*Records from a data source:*
━━━━━━━━
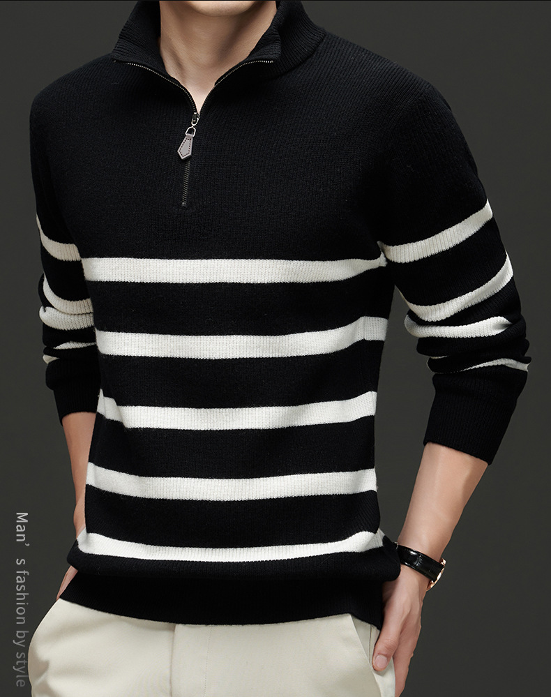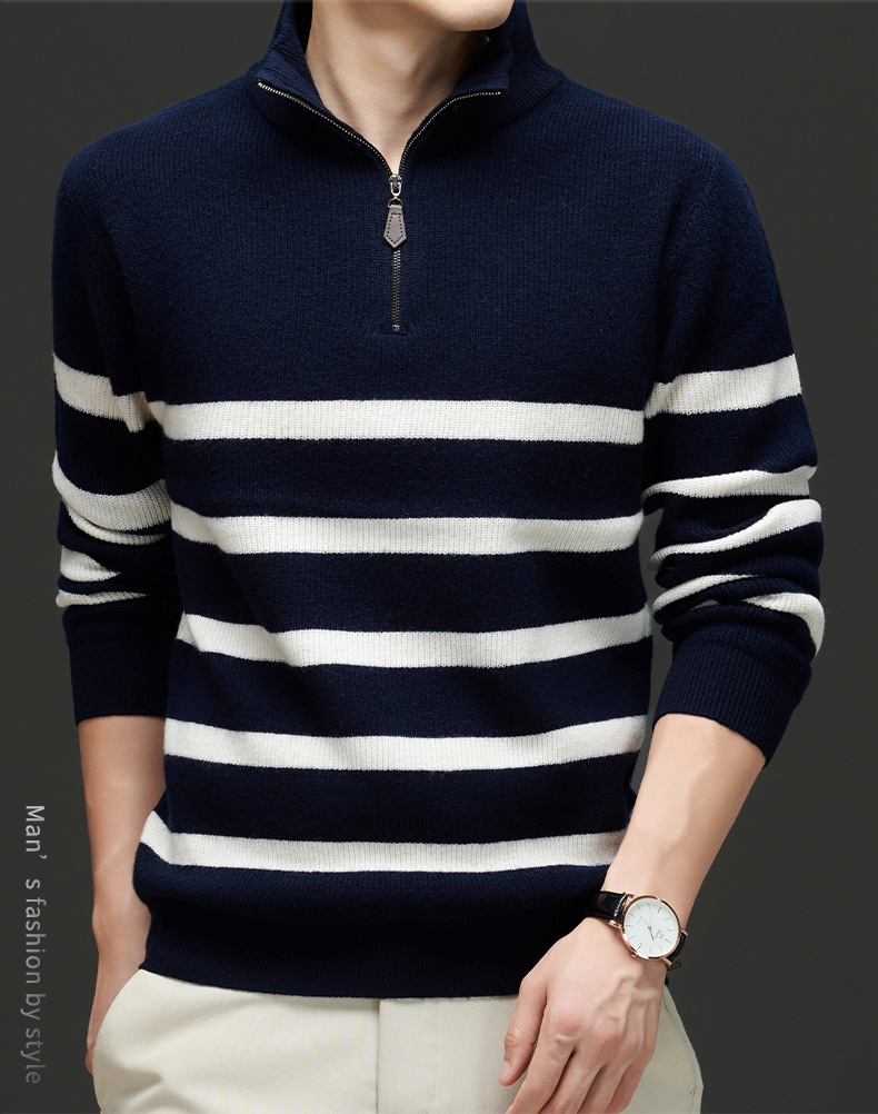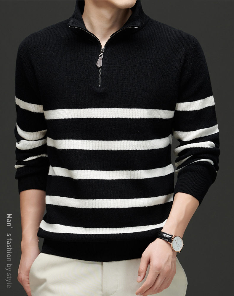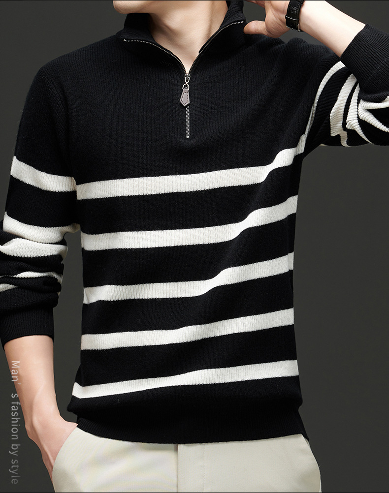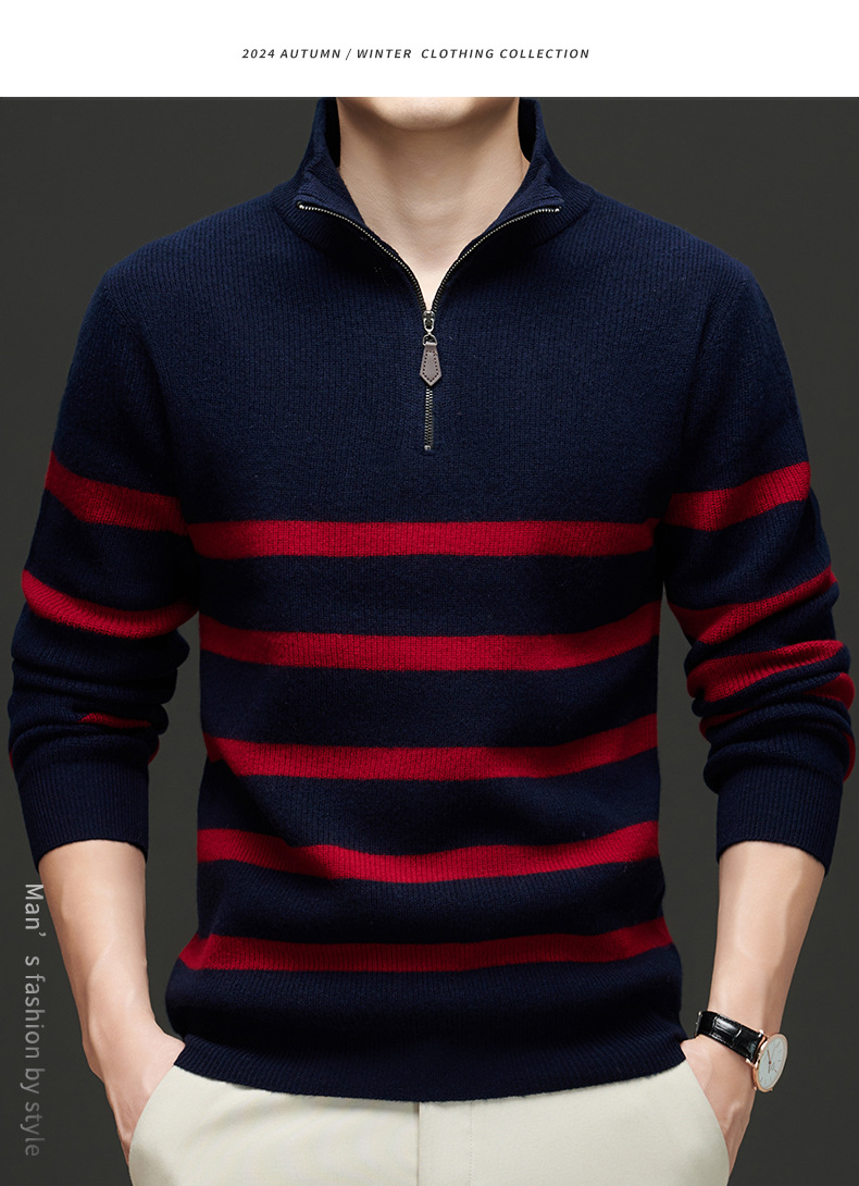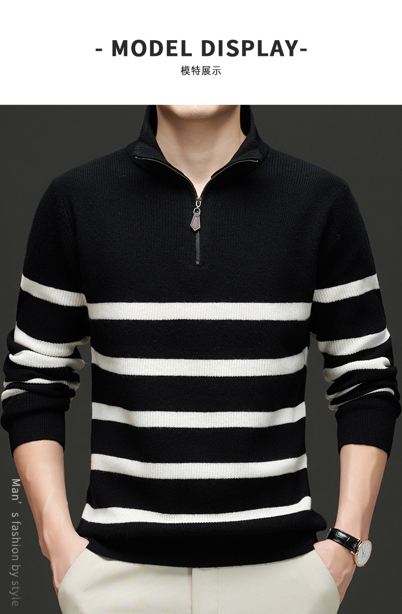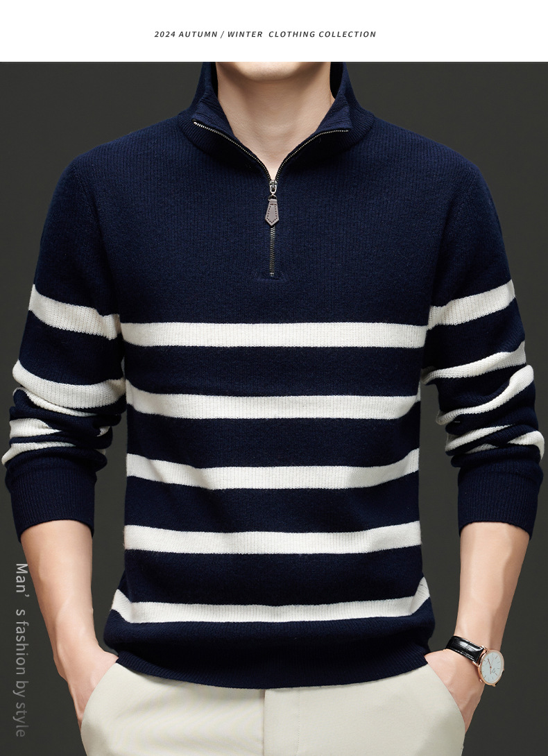 풀오버 하프 지퍼 칼라 남성용 울 스웨터 2024 가을 · 겨울 신영 · 중년 패션 한국식 스트라이프 스웨터
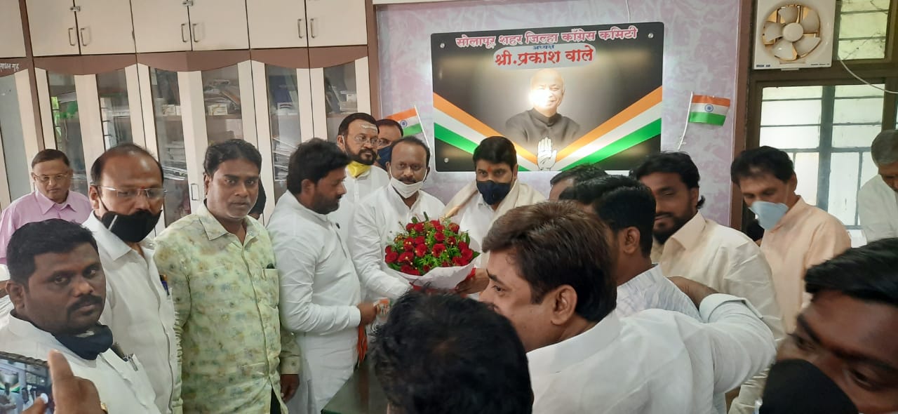 यावेळी माजी आमदार विश्वनाथ चाकोते सोमपा गटनेते चेतनभाऊ नरोटे, कार्याध्यक्ष अरुण शर्मा, महिला अध्यक्ष हेमाताई चिंचोळकर, नगरसेवक विनोद भोसले, प्रवीण निकाळजे, हाजी तौफीक हत्तुरे, नगरसेविका फिरदौस पटेल, अनुराधा काटकर, माजी नगरसेवक मनोज यलगुलवार, युवक काँग्रेस अध्यक्ष अंबादास बाबा करगुळे, NSUI जिल्हा अध्यक्ष गणेश डोंगरे, युवक काँग्रेस प्रदेश सरचिटणीस सुमीत भोसले, अनुसूचित जाती विभाग जिल्हा अध्यक्ष गौरव खरात, परिवहन सदस्य तिरुपती परकीपंडला, ब्लॉक अध्यक्ष अरुण साठे, सैफन शेख, अंबादास गुत्तिकोंडा, किसन मेकाले गुरुजी, नागनाथ कदम, राजन कामत, हाजिमलंग नदाफ, राहुल वर्धा, शौकत पठाण, हारून शेख, अशोक कलशेट्टी, हसीब नदाफ, चक्रपाणी गज्जम, अनिल मस्के, पंडित सातपुते, उपेंद्र ठाकर, सूर्यकांत शेरखाने, कय्यूम बलोलखान, रजाक कादरी, राहुल बोळकोटे, प्रमिला तुपलवंडे, सुमन जाधव, नूर अहमद नालवार, सुभाष वाघमारे, महेश लोंढे, सचिन शिंदे, संजय गायकवाड़, राजाभाऊ महाडिक, सोपान थोरात, श्रीकांत दासरी, यांच्यासह इतर पदाधिकारी कार्यकर्ते उपस्थित होते.
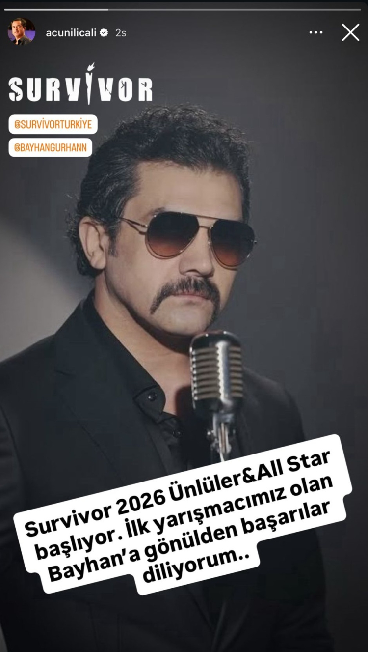 Survivor’ın yapımcısı ve sunucusu Acun Ilıcalı, kişisel sosyal medya hesabından yaptığı paylaşımda, 2026 sezonunun ilk yarışmacısının Bayhan Gürhan olduğunu açıkladı.
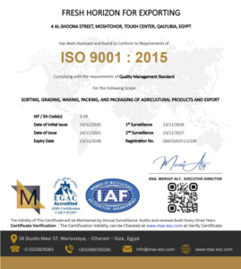 Fresh Horizon – Bringing Nature’s Best to the World With more than 10 years of experience in exporting fresh fruits and vegetables to global markets, Fresh Horizon was officially established in 2024 to meet the growing demand for high-quality produce from Egypt. Since its foundation, the company has focused on delivering premium products that meet international standards while building long-term partnerships across Europe, the Middle East, and soon Africa.
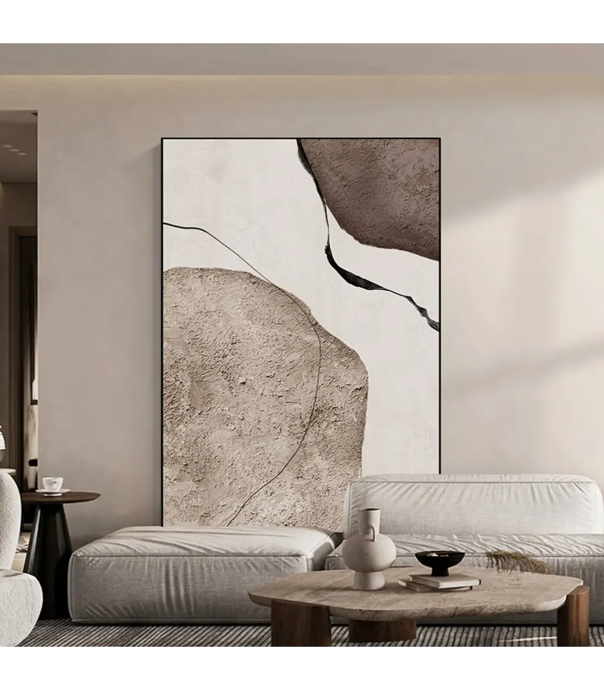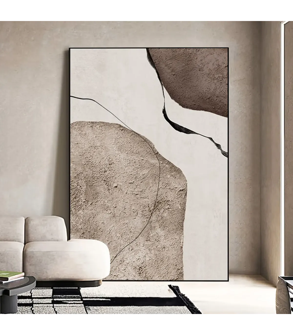 This hand-painted canvas evokes natural erosion through textured beige and brown forms divided by organic black lines. Its raw elegance suits both Minimalist Beige Canvas Dining Room and Abstract Neutral Tone Canvas Bedroom settings, adding warmth and quiet sophistication to modern interiors.
━━━━━━━━
*BRIEF:* Pictures do not belong in the copy. Repeat only the lines from the top of the records through the line containing "Survivor’ın yapımcısı ve".

*WRITTEN REPLY:*
 풀오버 하프 지퍼 칼라 남성용 울 스웨터 2024 가을 · 겨울 신영 · 중년 패션 한국식 스트라이프 스웨터
 यावेळी माजी आमदार विश्वनाथ चाकोते सोमपा गटनेते चेतनभाऊ नरोटे, कार्याध्यक्ष अरुण शर्मा, महिला अध्यक्ष हेमाताई चिंचोळकर, नगरसेवक विनोद भोसले, प्रवीण निकाळजे, हाजी तौफीक हत्तुरे, नगरसेविका फिरदौस पटेल, अनुराधा काटकर, माजी नगरसेवक मनोज यलगुलवार, युवक काँग्रेस अध्यक्ष अंबादास बाबा करगुळे, NSUI जिल्हा अध्यक्ष गणेश डोंगरे, युवक काँग्रेस प्रदेश सरचिटणीस सुमीत भोसले, अनुसूचित जाती विभाग जिल्हा अध्यक्ष गौरव खरात, परिवहन सदस्य तिरुपती परकीपंडला, ब्लॉक अध्यक्ष अरुण साठे, सैफन शेख, अंबादास गुत्तिकोंडा, किसन मेकाले गुरुजी, नागनाथ कदम, राजन कामत, हाजिमलंग नदाफ, राहुल वर्धा, शौकत पठाण, हारून शेख, अशोक कलशेट्टी, हसीब नदाफ, चक्रपाणी गज्जम, अनिल मस्के, पंडित सातपुते, उपेंद्र ठाकर, सूर्यकांत शेरखाने, कय्यूम बलोलखान, रजाक कादरी, राहुल बोळकोटे, प्रमिला तुपलवंडे, सुमन जाधव, नूर अहमद नालवार, सुभाष वाघमारे, महेश लोंढे, सचिन शिंदे, संजय गायकवाड़, राजाभाऊ महाडिक, सोपान थोरात, श्रीकांत दासरी, यांच्यासह इतर पदाधिकारी कार्यकर्ते उपस्थित होते.
 Survivor’ın yapımcısı ve sunucusu Acun Ilıcalı, kişisel sosyal medya hesabından yaptığı paylaşımda, 2026 sezonunun ilk yarışmacısının Bayhan Gürhan olduğunu açıkladı.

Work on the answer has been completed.